Electrify everything! That’s the new mantra being promoted by a new think tank led by Australian inventor and US government advisor Saul Griffith, who started with Rewiring America push, and has now decided to do the same in his home country, Rewiring Australia.

Griffith and The Australia Institute have launched a new discussion paper called “Castles and Cars”, that outlines how much Australian households can save if they electrified everything, including the cars, their household heating, their water heating and their cooking. No word on the BBQ, though.

Griffith is not the first to come up with the electrify everything idea – although a decade ago he was promoting a concept called “Renewistan” – but he could be the most prominent.

When he first talked of the detail of electrifying everything in the Australian context, in January last year, he presented a series of numbers and costs so absurdly extravagant – $5 trillion for am Australian clean energy transition, and $850 billion just for households – that the AFR used it as justification to call for doing exactly the opposite.

We challenged those numbers at the time, because they were ridiculous. See: $5 trillion? For a business daily, the AFR has a lousy grip on energy numbers, and it is satisfying to see that Griffith has re-honed his calculations, and presented a much more realistic model.
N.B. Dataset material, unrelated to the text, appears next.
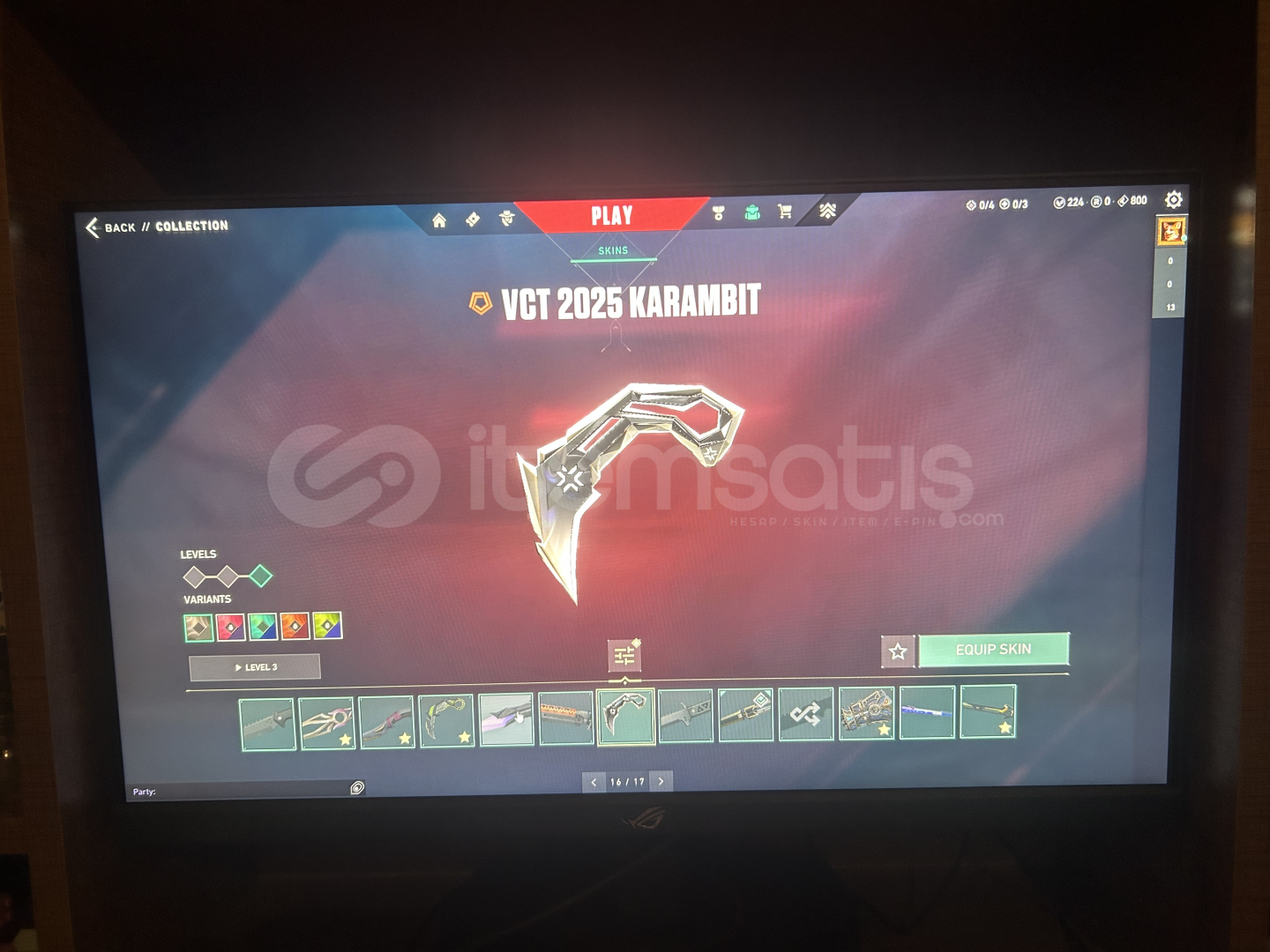 Öncelikle fiyatta pazarlık yapabiliriz detaylar için Hesap 157 seviye ve peak gold 1-2 görmüştürChampions 2024Champions 2025Arcane 2Vct x Lev 2024Vct karambit gibi premium setler bulunur11 adet bıçak 9 adet vandal 8 adet phantom bulunmaktadırhesapta skin olmayan 3 silah vardır bunlar:Stinger,Odin ve Outlawdır Hesapta olan bütün skinler fotoğraflardadırAlıcısına hayırlı olsun.İlgilene...

And the good news is that an electrified household presents an unequivocally cheaper and less wasteful future for everyone. We sometimes forget exactly how much energy is wasted in the production and burning of fossil fuels – around two thirds – and Castles and Cars notes that the energy use of an average household could be slashed from 102kWh a day (including energy consumed in the petrol or diesel cars), to just 37kWh.

“The “average” Australian household currently uses around 102kWh of energy per day, and spends $5,248 per year on energy related costs,” the discussion paper says.

“Much of this energy use is due to the inefficiency of conventional fuels like natural gas and petrol for cars, which also create a large amount of emissions.

“These fuels are both expensive and highly polluting. The average household annually releases 11 tonnes of CO2-e into the atmosphere from its energy use activities.

“If we electrify the ‘average’ Australian household, with solar panels on the roof, a home battery, electric vehicles in the garage, and replacement of gas appliances with efficient electric ones, we can save thousands per year in household costs for the average home by 2030.

“The efficiency gains from new appliances and vehicles drops energy use significantly to around 37 kWh, and Australia’s world leading solar is cheap enough to power the house while saving money.”

What will this save? According to Castles and Cars, the average energy and fuel bills would drop from around $5000 a year to just $800 a year by 2030, as costs of EVs and batteries and solar continue to fall, and even more by 2035.

The problem is, most households cannot afford this capital investment up front – in EVs, rooftop solar and battery storage – so it urging rebates and financing to low income households in the early transition phase, at least until the cost of EVs falls to parity with petrol and diesel cars.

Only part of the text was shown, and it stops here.